# Grand Masters Gather to celebrate GM Timmerman Annv.



## Kuk Sa Nim (Apr 30, 2010)

Greetings to all,
Just wanted to share some fantastic news. In case you haven't heard, GM Rudy Timmerman will be celebrating 60 years training in the martial arts this upcoming August. 

To commemorate this and a couple other historical events, several renown Masters and Grand Master of the Korean martial arts have committed to make the trip to his dojang in Sault St. Marie, Ont. Canada to celebrate and share in the truest sense of mutual respect and brotherhood. This will be a historical event for sure. 

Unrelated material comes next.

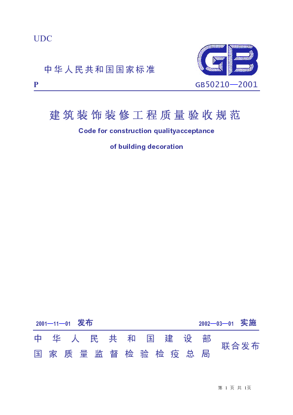建筑装饰装修工程施工质量验收规范(GB50210-2001)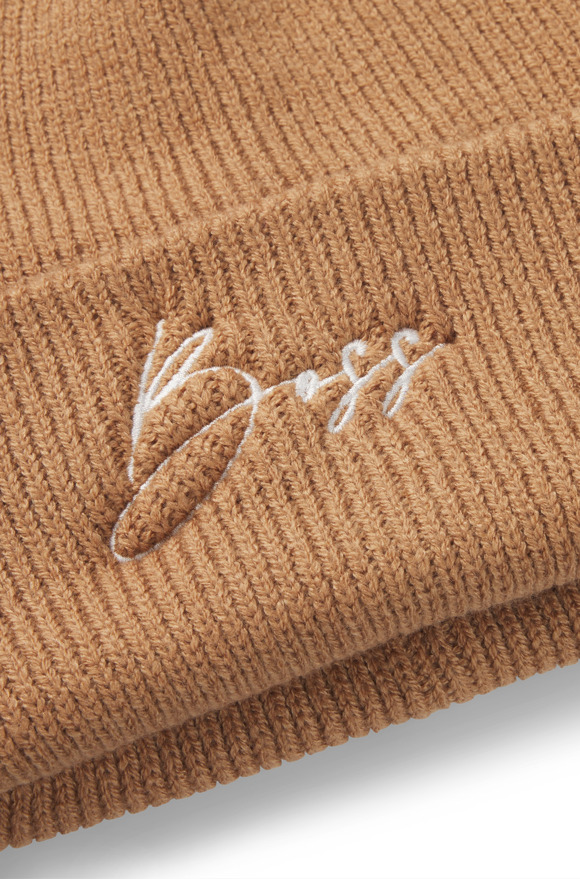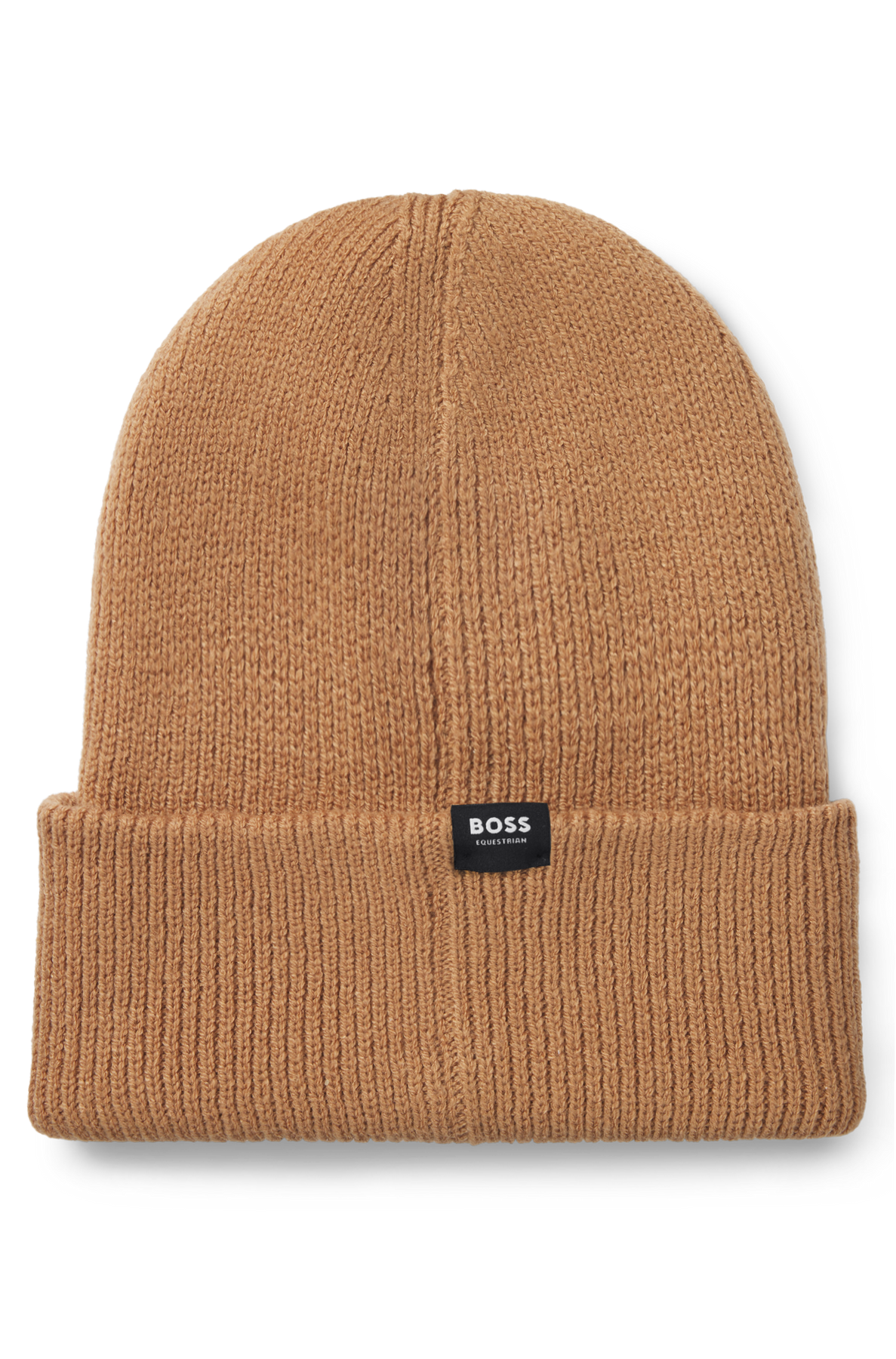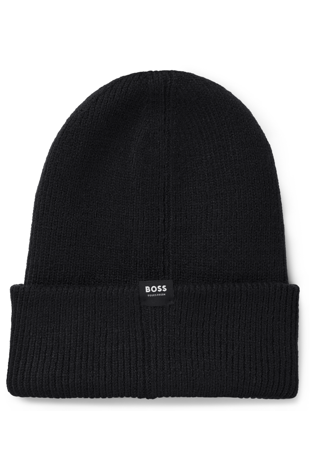 Kuschelige BOSS Mütze. Der Style in Rippenstrick ist aus 100 % recycletem Polyester und hat ein grosser Handschrift Logo aufgestickt.

Tae Kwon Do Times Magazine is doing a cover story on the event in the July 2010 issue. It should be amazing. Looking forward to seeing and working with all the great martial artists joining us in Canada in August. 

With respect and brotherhood,
Kuk Sa Nim

Event info:

http://www.nkmaa.ca/nkmaa/2010 Event/2010GrandMasters.html

Preview of the TKD Times cover:

http://www.facebook.com/photo.php?pid=1191208&id=1125596317&comments=&alert=


----------



## Brian R. VanCise (Apr 30, 2010)

I met Rudy Timmerman a long, long time ago whilst competing at one of his tournaments up in Sault St. Marie.  He is truly a great ambasador and a gentleman!  Congratulations!


----------



## Miles (Apr 30, 2010)

Congrats!


----------